Seringia cacaobrunnea, commonly known as chocolate fire-bush, is a species of flowering plant in the family Malvaceae and is endemic to the south-west of Western Australia. It is a bushy shrub with hairy new growth, oblong to elliptic leaves and purple flowers in groups of 3 to 11.

==Description==
Seringia cacaobrunnea is a bushy, suckering shrub that typically grows up to 0.4–1.0 m high and 0.5–1 m wide, its young growth covered with dark brown, star-shaped hairs. The leaves are oblong to elliptic, 5–30 mm long and 3–8 mm wide on a petiole 1–5 mm long, with narrow stipules up to 4 mm long at the base. The upper surface of the leaves is more or less glabrous and the lower surface is covered with rust-coloured, star-shaped hairs. The flowers are purple, 12–15 mm wide, borne in groups of 3 to 11 on a peduncle 2–8 mm long, each flower on a pedicel 4–12 mm long with rust-coloured bracts 4–10 mm long at the base. The sepals are purple, 8–11 mm and joined at the base for about half their length, and there are no petals. The staminodes are 2 mm long, and the anthers are slightly shorter than the filaments. Flowering occurs from May to January, with a peak in September.

==Taxonomy==
Seringia cacaobrunnea was first formally described in 2016 by Carolyn F. Wilkins in Australian Systematic Botany from specimens collected near the Norseman to Esperance Road in 2010. The specific epithet (cacaobrunnea) means "chocolate-brown" and refers to the hairs on the foliage.

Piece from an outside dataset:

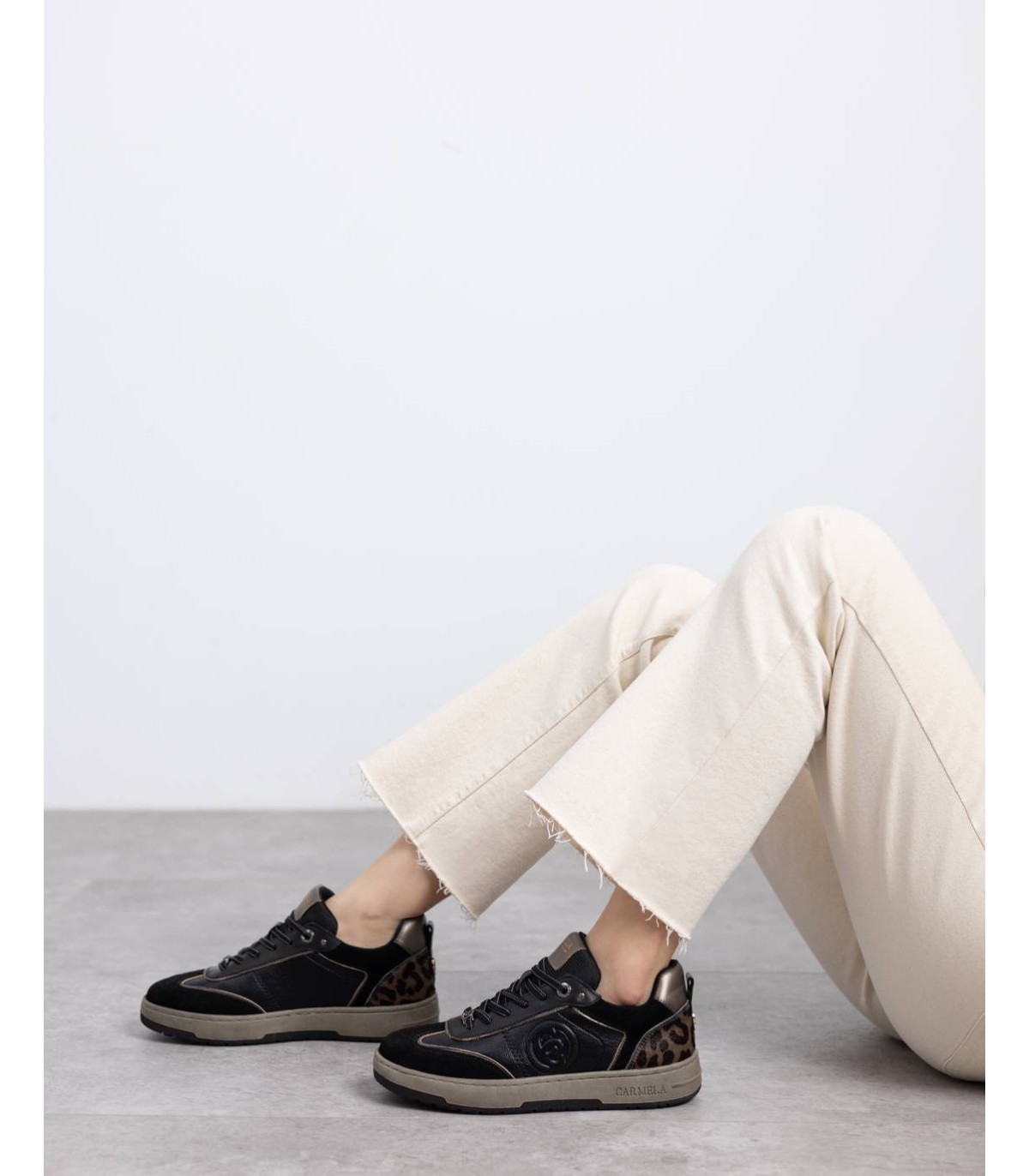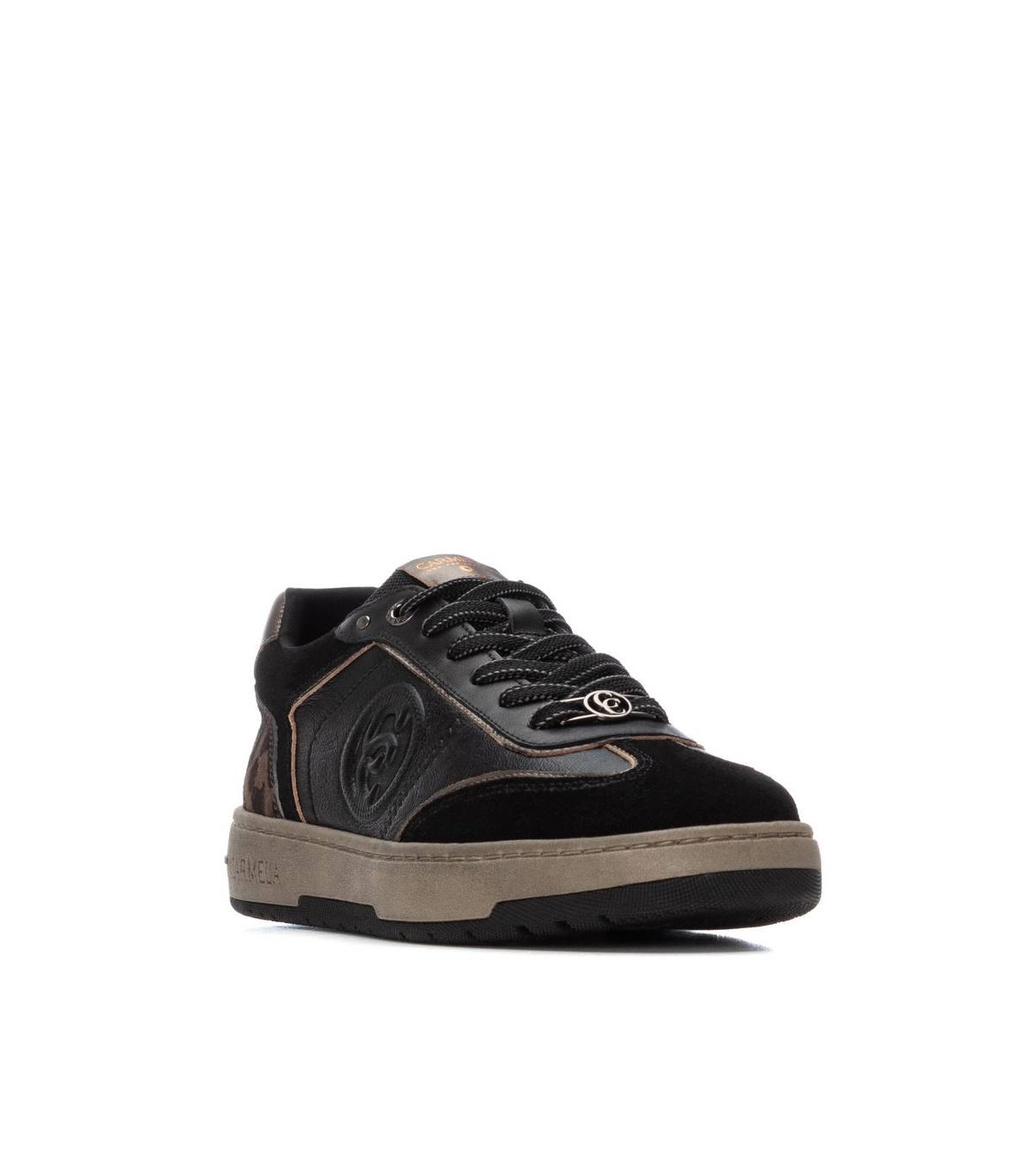 Zapatilla de mujer, de la marca Carmela. Fabricada en un suave serraje. Cierre mediante cordones ajustables. Detalles dorados y con estampado. Tirador trasero para facilitar la puesta. Suela de goma antideslizante.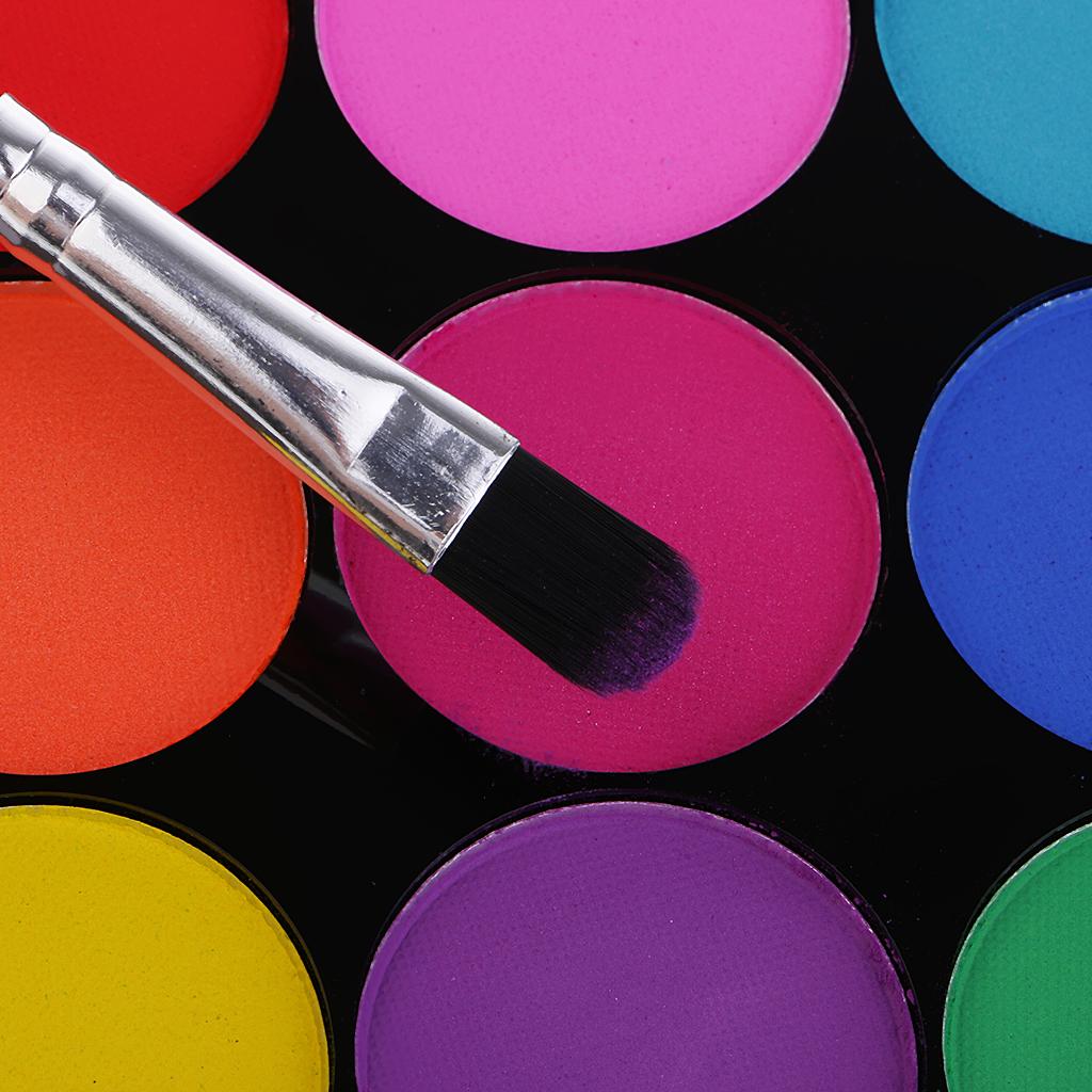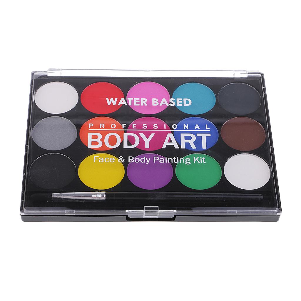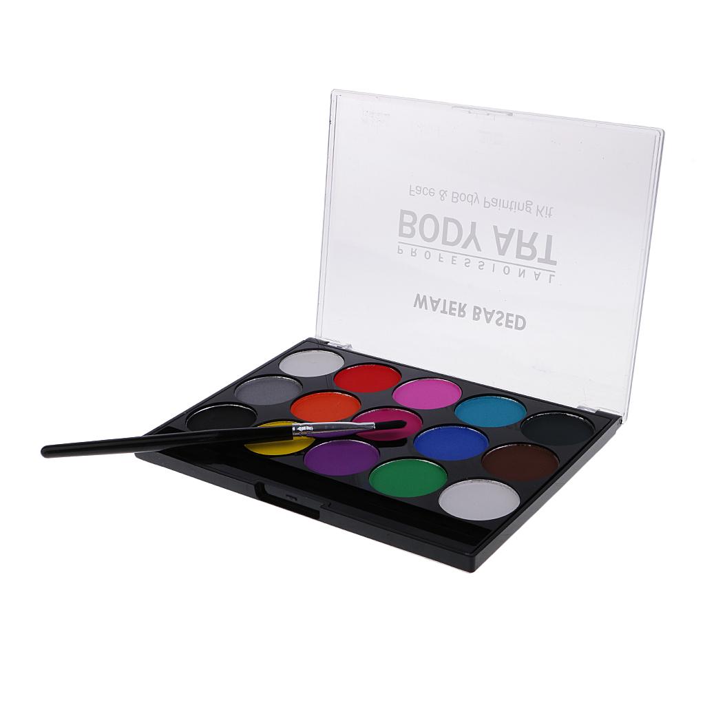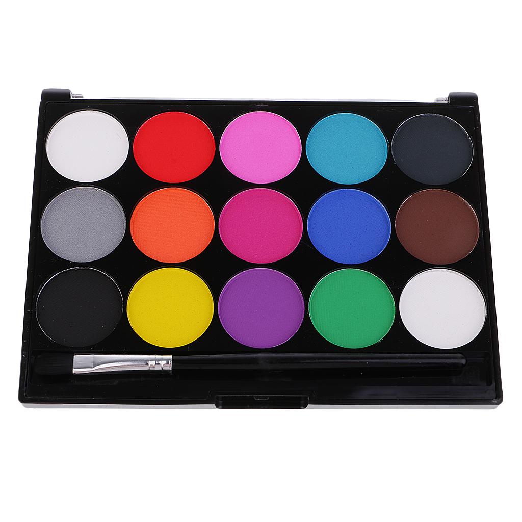 Comes with complete 15 colors Face Paint Palette Set, includes Fluorescent Gray, Black, Red, Fluorescent Orange, Yellow, Rose, Fluorescent Rose, Purple, Fluorescent Aqua Blue, Blue, Green, Dark Gray, Coffee and White.

==Distribution and habitat==
Chocolate fire-bush grows in mallee heath and woodland in isolated populations near Ravensthorpe, Lake King, Mukinbudin and east of Salmon Gums in the Avon Wheatbelt, Coolgardie, Esperance Plains and Mallee bioregions of south-western Western Australia.

==Conservation==
The species has been listed as "not threatened" by the Government of Western Australia Department of Biodiversity, Conservation and Attractions.